* MATERIAL SUPPLIED *
____________
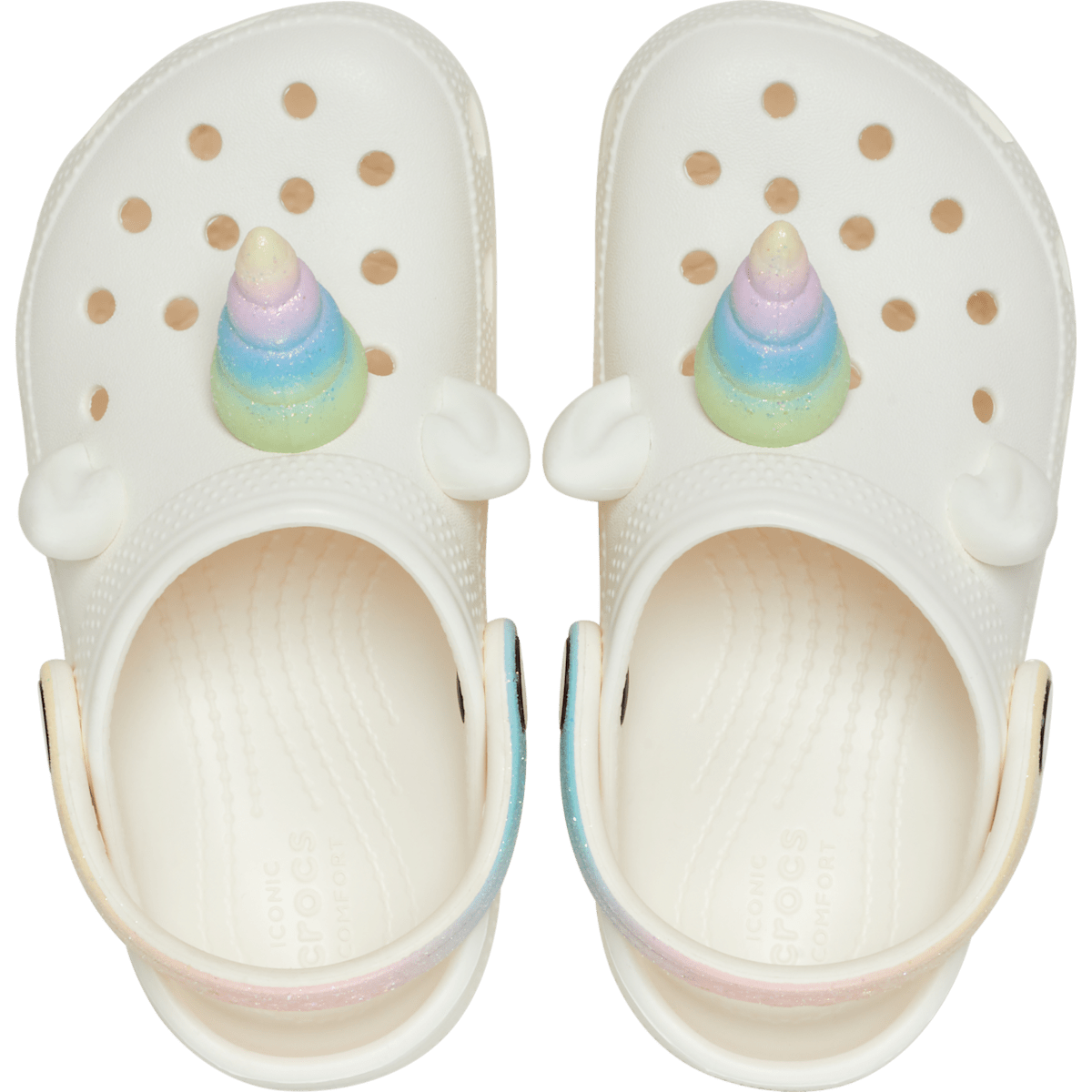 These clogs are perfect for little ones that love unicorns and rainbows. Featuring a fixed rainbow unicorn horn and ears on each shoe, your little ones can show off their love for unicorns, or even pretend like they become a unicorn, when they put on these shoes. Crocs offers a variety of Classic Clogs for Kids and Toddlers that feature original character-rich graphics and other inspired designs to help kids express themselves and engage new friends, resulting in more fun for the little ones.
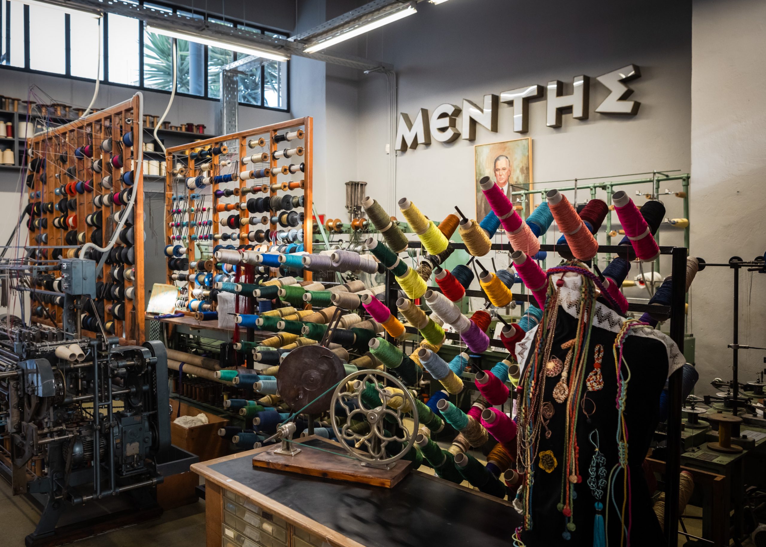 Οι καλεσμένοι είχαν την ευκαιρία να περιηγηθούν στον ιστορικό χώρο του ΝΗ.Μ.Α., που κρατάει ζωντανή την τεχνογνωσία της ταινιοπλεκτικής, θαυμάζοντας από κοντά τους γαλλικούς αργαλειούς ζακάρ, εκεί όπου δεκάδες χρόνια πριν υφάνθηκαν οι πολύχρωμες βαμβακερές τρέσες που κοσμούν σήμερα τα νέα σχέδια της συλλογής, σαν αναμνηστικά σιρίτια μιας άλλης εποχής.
____________
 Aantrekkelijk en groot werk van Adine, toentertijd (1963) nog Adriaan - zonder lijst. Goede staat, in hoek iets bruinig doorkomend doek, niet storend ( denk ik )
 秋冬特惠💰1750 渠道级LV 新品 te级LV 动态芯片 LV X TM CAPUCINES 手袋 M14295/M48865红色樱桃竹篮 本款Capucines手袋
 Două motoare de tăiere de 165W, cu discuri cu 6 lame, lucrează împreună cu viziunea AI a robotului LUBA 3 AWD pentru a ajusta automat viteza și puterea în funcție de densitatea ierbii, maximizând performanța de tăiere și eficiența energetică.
____________
* WHAT YOU ARE ASKED TO DO *
From the data above, return every line from the line that has "秋冬特惠💰1750 渠道级LV 新品" up to and including the line that has "Două motoare de", exactly.

* TASK RESULT *
 秋冬特惠💰1750 渠道级LV 新品 te级LV 动态芯片 LV X TM CAPUCINES 手袋 M14295/M48865红色樱桃竹篮 本款Capucines手袋
 Două motoare de tăiere de 165W, cu discuri cu 6 lame, lucrează împreună cu viziunea AI a robotului LUBA 3 AWD pentru a ajusta automat viteza și puterea în funcție de densitatea ierbii, maximizând performanța de tăiere și eficiența energetică.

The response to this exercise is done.